Repossession Law and Legal Definition
Repossession refers to taking back property through judicial processes, foreclosure, or self-help when a borrower fails to make required payments. Many types of property are subject to repossession when there are loans securing the property or liens on the property, such as houses, cars, and furnishings.
If your car payments are late or you default on your contract in any way, your creditor or lessor may have the right to repossess your car. Careful attention to contract terms and timely payment will avoid repossession, but a creditor may be willing to waive this right if the debtor can persuade them that payment will be made shortly.
In many states, creditors or lessors can legally repossess without going to court or warning you in advance, as long as they do not breach the peace. However, a person cannot enter private property to repossess property of a debtor without consent or a statutory or contractual right to do so. In addition, your creditor or lessor may be able to sell your contract to a third party, called an assignee, who may have the same rights and responsibilities as the original creditor or lessor.

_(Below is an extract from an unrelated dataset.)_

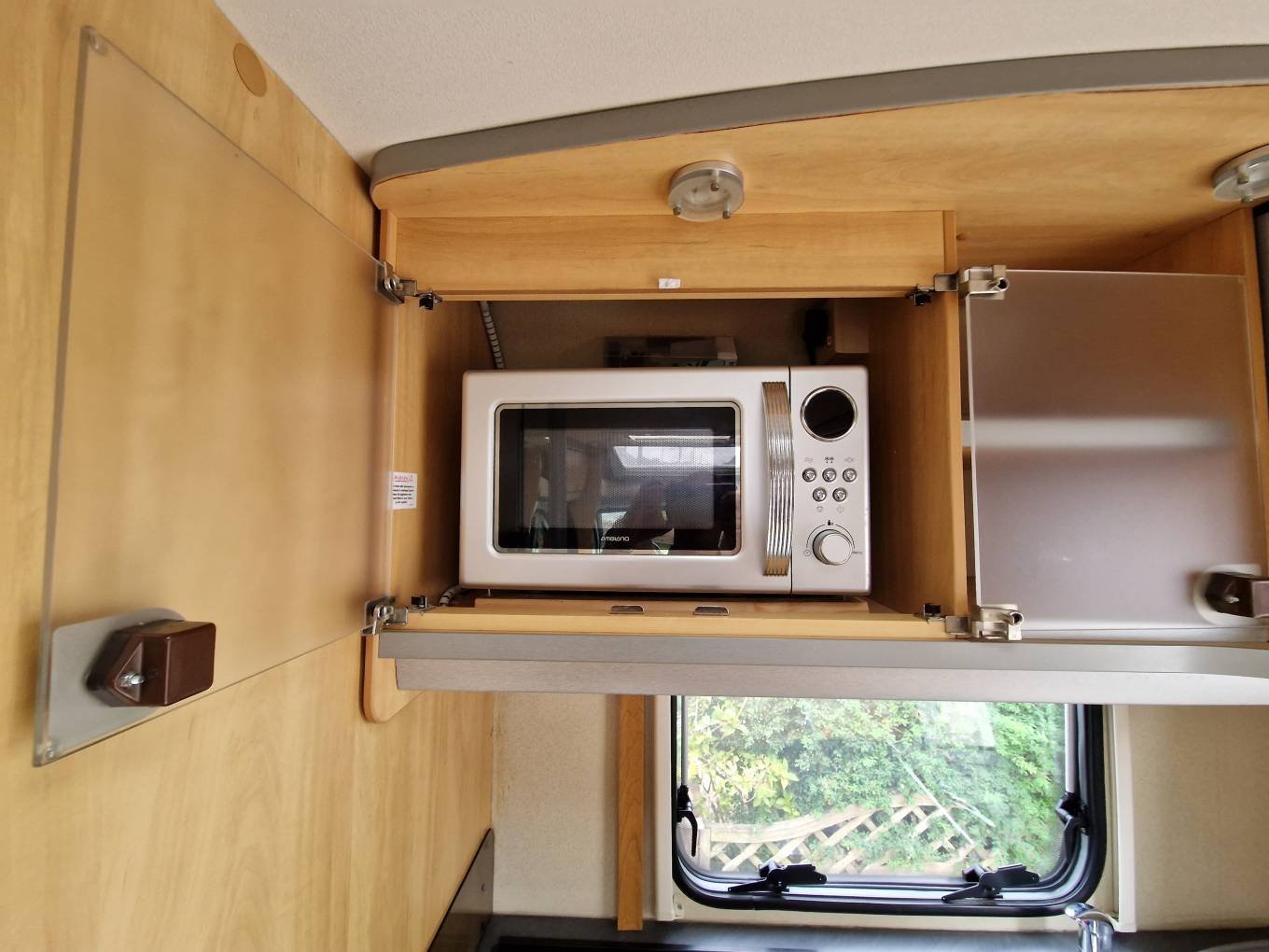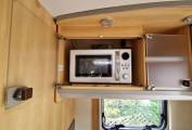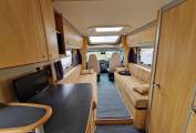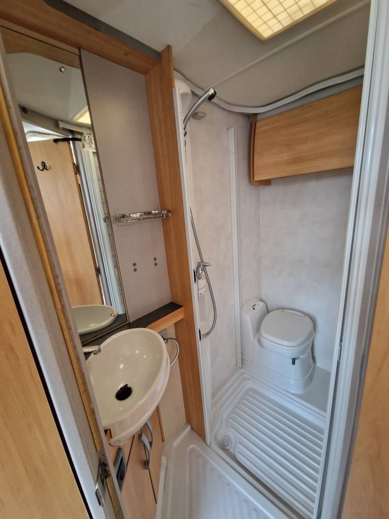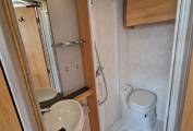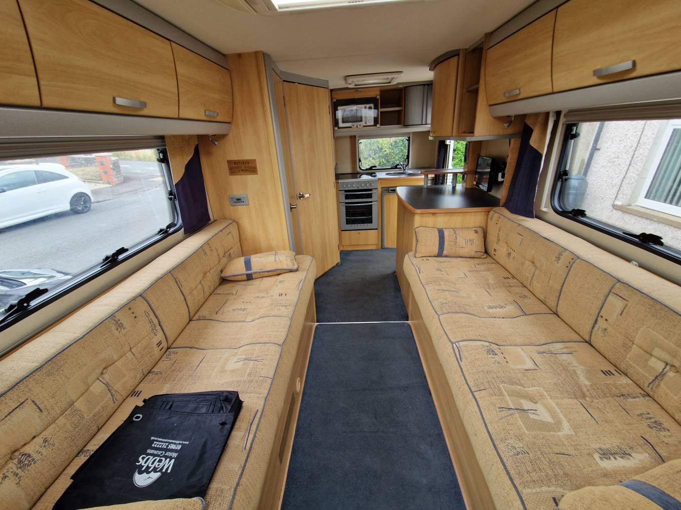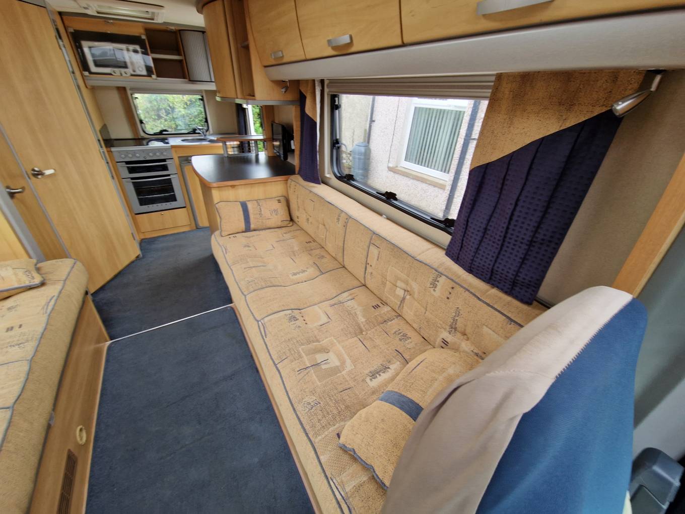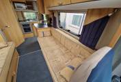 Internally, there is an end kitchen with plenty of room to work in - equipment includes an oven, grill, 3 +1 hob and a microwave, remote-cpntrolled extractor fan with rain sensor and plenty of storage space for a long trip away. Next to the kitchen is a decent sized washroom, with a cassette toilet, shower basin and vanity unit.
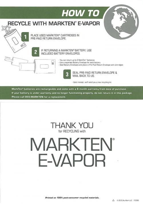 MarkTen sent direct mail in October 2015 similar to one sent in 2014, a pre-paid return envelope for the purpose of recycling cartridges and batteries. They have slightly changed the instructional card included, however: now there is an image of only a globe, and only 2 battery envelopes are included.

You have the right to get the car repossessed back by paying the overdue amount, plus any fines and costs. These can be rather steep. If you can't or won't pay, the repossessor must give you notice of the auction. You can bid on your own car. If they get less than you owe as the winning bid (which is usually the case), you'll owe the rest. You are entitled to get your belongings which were inside the car back, but only within the short period of time in your contract. However, some state laws limit the ways a creditor or lessor can repossess and sell a vehicle to reduce or eliminate your debt. If any rules are violated, the creditor or lessor may be required to pay you damages.
The specific contract terms and local laws should be consulted for applicable requirements in each particular case.